Our brain always wants to be comfortable, and we know that engaging in action X will allow us that feeling, even if temporary, so we do it. It’s really not much deeper than that.

So, there is no reason to feel bad for your repeated engagement in the harmful behaviour/substance/response, it is simply your brains natural programming to always seek out the comfortable, to keep you alive and make you feel safe.


In recovery from an eating disorder, much of my behaviours became automatic and unconscious, which is why it was (and is) so incredibly hard to choose a different response to the everyday feelings of stress, worry, sadness. Through learning how to become aware, and mindful, meditation has allowed me the chance to take a conscious step back.
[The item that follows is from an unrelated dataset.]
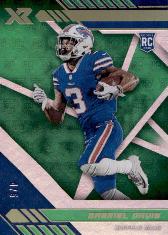 The Gabriel Davis 2020 XR #141 Green /5 Rookie card in Raw condition has not changed in price in the last 30 days and was last sold for $8.50 .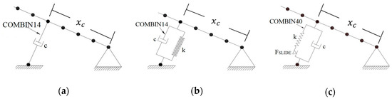 Figure 1b shows the elastomeric damper-cable interaction model considered herein. The element COMBIN14 was selected again to model the dynamic behavior of this damper. The characteristic parameters of this damper are the damping coefficient, , and stiffness coefficient, .

When I practice regularly, I maintain the ability to recognize when I am about to engage in a harmful, unconscious behaviour, because I am feeling uncomfortable in my body, or I am struggling in my relationship, or something at work made me upset, etc.etc., and I want to take the pain/discomfort away. Now, when these painful or frustrating events occur in life, as they always will, I remind myself that while I don’t have the ability to control the outside world, I do have the ability to control my response to it.


“The goal of meditation is not to control your thoughts, it is to stop letting them control you.”
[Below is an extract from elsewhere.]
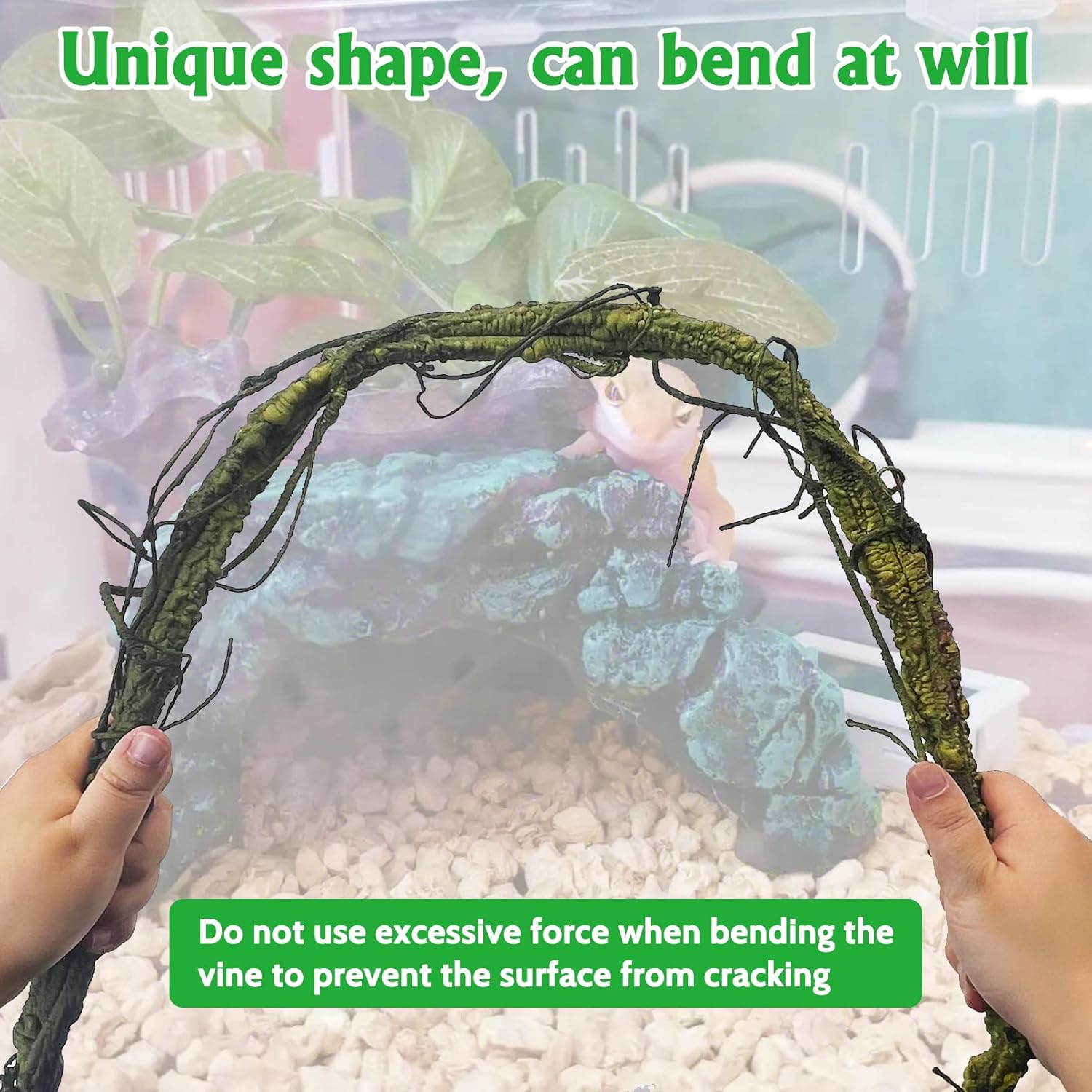 • Assembly & Use: Please use it in a large tank, at least 40 gallon, put in a tall terrarium better. Don't push too hard when bending the vine. The green leaves need to be washed before use

Yes, it is uncomfortable, it feels wrong, but over time it gets easier, because I find new ways to cope with the inevitable stressors of life. Through breathwork, awareness, and silence, I learn how to work with my body instead of against it. I learn the way my body likes to respond, or is used to responding, and I learn that I can take a different way home this time instead.


If you made it to the end, I would love to know in the comments below what has been your experience with meditation, or any mindful practice? How do you think it would benefit your life if you were to incorporate some awareness or stillness into your day-to-day?


Thank you so much for supporting the work of a local writer. You can find some more of my work over on the YET Niagara Community Wellness Blog.


May we all learn to find comfort in the discomfort, as the one thing we know for sure is that it will always come back, and then pass again.